Error: Error during create table: CREATE TABLE prod_pre_aggregations.fct_my_table_name_main20241001_asdfghjkl ('list of fields and data types') WITH (input_format = 'csv_no_header', delimiter = '^A', build_range_end = '2024-10-31T23:59:59.999') LOCATION ?, ?: Create table failed: Can't parse '\N
4010' column value for 'fct_user_progress_contents__value_workload_total_completed' column: Internal: invalid float literal
    at WebSocket.<anonymous> (/node_modules/@cubejs-backend/cubestore-driver/src/WebSocketConnection.ts:121:30)
    at WebSocket.emit (node:events:519:28)
    at Receiver.receiverOnMessage (/node_modules/ws/lib/websocket.js:1008:20)
    at Receiver.emit (node:events:519:28)
    at Receiver.dataMessage (/node_modules/ws/lib/receiver.js:502:14)
    at Receiver.getData (/node_modules/ws/lib/receiver.js:435:17)
    at Receiver.startLoop (/node_modules/ws/lib/receiver.js:143:22)
    at Receiver._write (/node_modules/ws/lib/receiver.js:78:10)
    at writeOrBuffer (node:internal/streams/writable:570:12)
    at _write (node:internal/streams/writable:499:10)
    at Receiver.Writable.write (node:internal/streams/writable:508:10)
    at TLSSocket.socketOnData (/node_modules/ws/lib/websocket.js:1102:35)
    at TLSSocket.emit (node:events:519:28)
    at addChunk (node:internal/streams/readable:559:12)
    at readableAddChunkPushByteMode (node:internal/streams/readable:510:3)
    at TLSSocket.Readable.push (node:internal/streams/readable:390:5)
    at TLSWrap.onStreamRead (node:internal/stream_base_commons:191:23)

To Reproduce
Steps to reproduce the behavior:

Create a cube yml with the following metrics:

- name: value_workload_total
        sql: 1000 * ROUND(value_workload_minutes/cast(value_workload_minutes_count as double), 3)
        type: sum

      - name: value_workload_total_completed
        sql: 1000 * ROUND(value_workload_minutes/cast(value_workload_minutes_count as double), 3)
        type: sum
        filters:
          - sql: flag_enrollment_completed_pathway = TRUE

Put both in pre aggregation
Run pre aggregation

Expected behavior
I expect the metric to pre aggregate

Version:
[e.g. 1.0.5]

Additional context
I found a similar issue here: #6693 for snowflake driver, I wonder how to solve it for athena

The text was updated successfully, but these errors were encountered:

igorlukanin · 2024-12-04T18:12:34Z

Hi @Larissa-Rocha 👋

I've tried to reproduce this and while I wasn't able to get exactly the same error, I acknowledge that this case could have been handled better.

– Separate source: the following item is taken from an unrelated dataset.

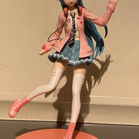 BiCute Bunnies WHITEver figurine med blå hår, hvid kaninkostume, sorte strømpebukser og blå sko. Figuren er detaljeret og står på en rund base.
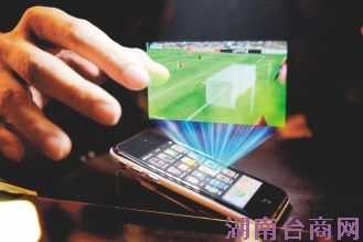 一家台湾科技厂商展出“影浮空显像系统”可将一般普通的商品以极其炫目的方式呈现,吸引消费者目光。图片来源:“中央社”

The data model that I used:

cubes:
  - name: test
    sql: >
      SELECT
        NULL AS value, 
        NULL AS value_workload_minutes,
        NULL AS value_workload_minutes_count,
        TRUE AS flag_enrollment_completed_pathway

    dimensions:
      - name: value
        sql: value
        type: string

    measures:
      - name: value_workload_total
        sql: 1000 * ROUND(CAST(value_workload_minutes AS DOUBLE)/cast(value_workload_minutes_count as double), 3)
        type: sum

      - name: value_workload_total_completed
        sql: 1000 * ROUND(CAST(value_workload_minutes AS DOUBLE)/cast(value_workload_minutes_count as double), 3)
        type: sum
        filters:
          - sql: flag_enrollment_completed_pathway = TRUE

    pre_aggregations:
      - name: main
        dimensions:
          - value
        measures:
          - value_workload_total
          - value_workload_total_completed

Pre-aggregation does not build—here's the error:

Error: Error during create table: CREATE TABLE prod_pre_aggregations.test_main_srp5fcpr_isgxjz4g_1jl16fr (`test__value` unknown) LOCATION ?: Custom type 'unknown' is not supported
    at WebSocket.<anonymous> (/node_modules/@cubejs-backend/cubestore-driver/src/WebSocketConnection.ts:121:30)
    at WebSocket.emit (node:events:519:28)
    at Receiver.receiverOnMessage (/node_modules/ws/lib/websocket.js:1008:20)
    at Receiver.emit (node:events:519:28)
    at Receiver.dataMessage (/node_modules/ws/lib/receiver.js:502:14)
    at Receiver.getData (/node_modules/ws/lib/receiver.js:435:17)
    at Receiver.startLoop (/node_modules/ws/lib/receiver.js:143:22)
    at Receiver._write (/node_modules/ws/lib/receiver.js:78:10)
    at writeOrBuffer (node:internal/streams/writable:570:12)
    at _write (node:internal/streams/writable:499:10)
    at Receiver.Writable.write (node:internal/streams/writable:508:10)
    at TLSSocket.socketOnData (/node_modules/ws/lib/websocket.js:1102:35)
    at TLSSocket.emit (node:events:519:28)
    at addChunk (node:internal/streams/readable:559:12)
    at readableAddChunkPushByteMode (node:internal/streams/readable:510:3)
    at TLSSocket.Readable.push (node:internal/streams/readable:390:5)
    at TLSWrap.onStreamRead (node:internal/stream_base_commons:191:23)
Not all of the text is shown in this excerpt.